Using tensorflow, I am trying to convert a dataframe to a tds so that I can do some NLP work with it. It is all text data.
>>> df.dtypes
title object
headline object
byline object
dateline object
text object
copyright category
country category
industry category
topic category
file object
dtype: object
This is labeled data, where df.topics, df.country, df.industry
are labels for df.text
. I am trying to build a model to predict the topic of the text, given this labeled dataset and using BERT. Before I get to to that, however, I am converting df
into a tds.
import pandas as pd
import numpy as np
import tensorflow as tf
from transformers import AutoTokenizer
import tensorflow_hub as hub
import tensorflow_text as text
from sklearn.model_selection import train_test_split
# Load tokenizer and logger
tf.get_logger().setLevel('ERROR')
tokenizer = AutoTokenizer.from_pretrained('roberta-large')

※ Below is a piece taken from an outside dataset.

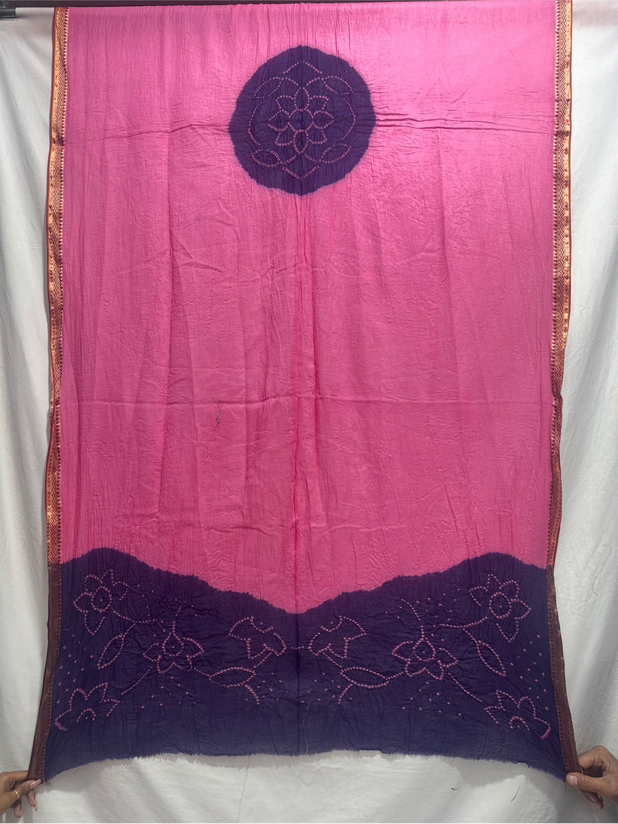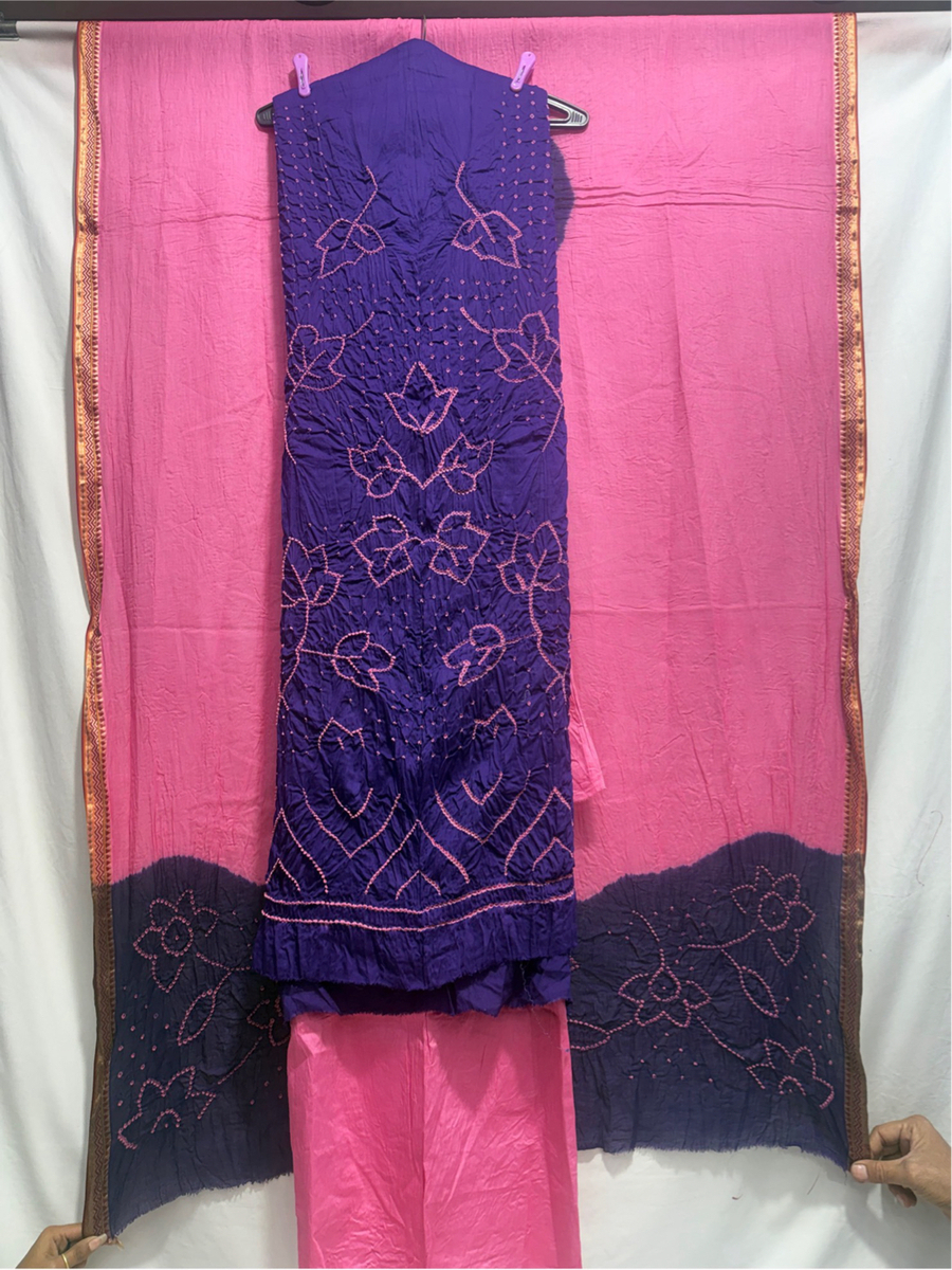 Kala Sanskruti Purple Pink Colour Heavy Cotton Satin Bandhani Dress 2.5 M (Each Piece) Elegant Traditional Wear Dress Material for Women

# Load dataframe with just text and topic columns
df = pd.read_csv('test_dataset.csv', sep='|',
dtype={'topic': 'category', 'country': 'category', 'industry': 'category', 'copyright': 'category'})

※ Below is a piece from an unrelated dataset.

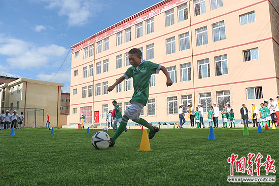 体育老师王洪权说,今后,再也不用在水泥地上带学生们踢球了,过去,因为没有足球场,学校甚至开不出一堂真正意义上的足球课。现在,学排球出身的王洪权正在努力转向一名足球老师,他希望能带着这群高原上的藏族孩子踢出点名堂。

# Split dataset into train, test, val (70, 15, 15)
train, test = train_test_split(df, test_size=0.15)
train, val = train_test_split(train, test_size=0.15)
# Convert df to tds
train_ds = tf.data.Dataset.from_tensor_slices(dict(train))

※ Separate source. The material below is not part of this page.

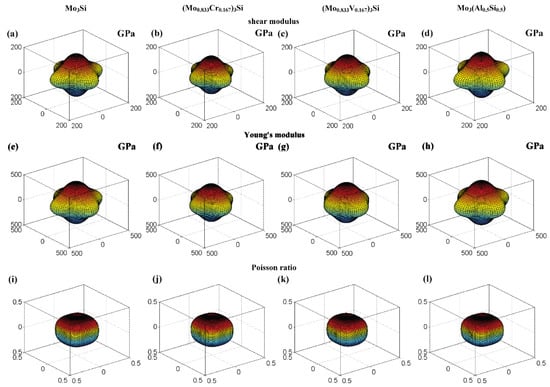 According to Equation (6), the bulk modulus is elastically isotropic. Combined with Equations (3) and (6), the shear modulus and Poisson ratio at different directions can also be calculated using spherical coordinates. Moreover, the calculation formula of the shear modulus and Poisson ratio for a cubic structure can also be referred in Refs. [33,39]. Figure 6 shows the 3D surfaces of the shear modulus, Young’s modulus and Poisson ratio for Mo3Si alloyed with 12.5 at.% Cr, V, and Al. These surfaces of Cr- and V-doped Mo3Si are different from those of undoped Mo3Si, showing the significant effect of Cr and V on elastic anisotropy. The anisotropy of shear and Young’s modulus for Mo3Si doped with Al strengthens slightly. The calculations also show that the 3D contours of the Poisson ratio for doped Mo3Si are very close to those of undoped Mo3Si, suggesting that the effect of doping with the alloying elements on the anisotropy of Poisson ratio is small.

val_ds = tf.data.Dataset.from_tensor_slices(dict(val))
test_ds = tf.data.Dataset.from_tensor_slices(dict(test))
for feature_batch, label_batch in train_ds.take(1):
print('Every feature:', list(feature_batch.keys()))
print('A batch of topics:', feature_batch['topic'])
print('A batch of targets:', label_batch )
I am getting ValueError: Failed to convert a NumPy array to a Tensor (Unsupported object type float).
on line 23, in <module> train_ds = tf.data.Dataset.from_tensor_slices(dict(train))
.
How can this be the case when this is all text data? How do I fix this?
I have looked at Tensorflow - ValueError: Failed to convert a NumPy array to a Tensor (Unsupported object type float) but it does not solve my problem.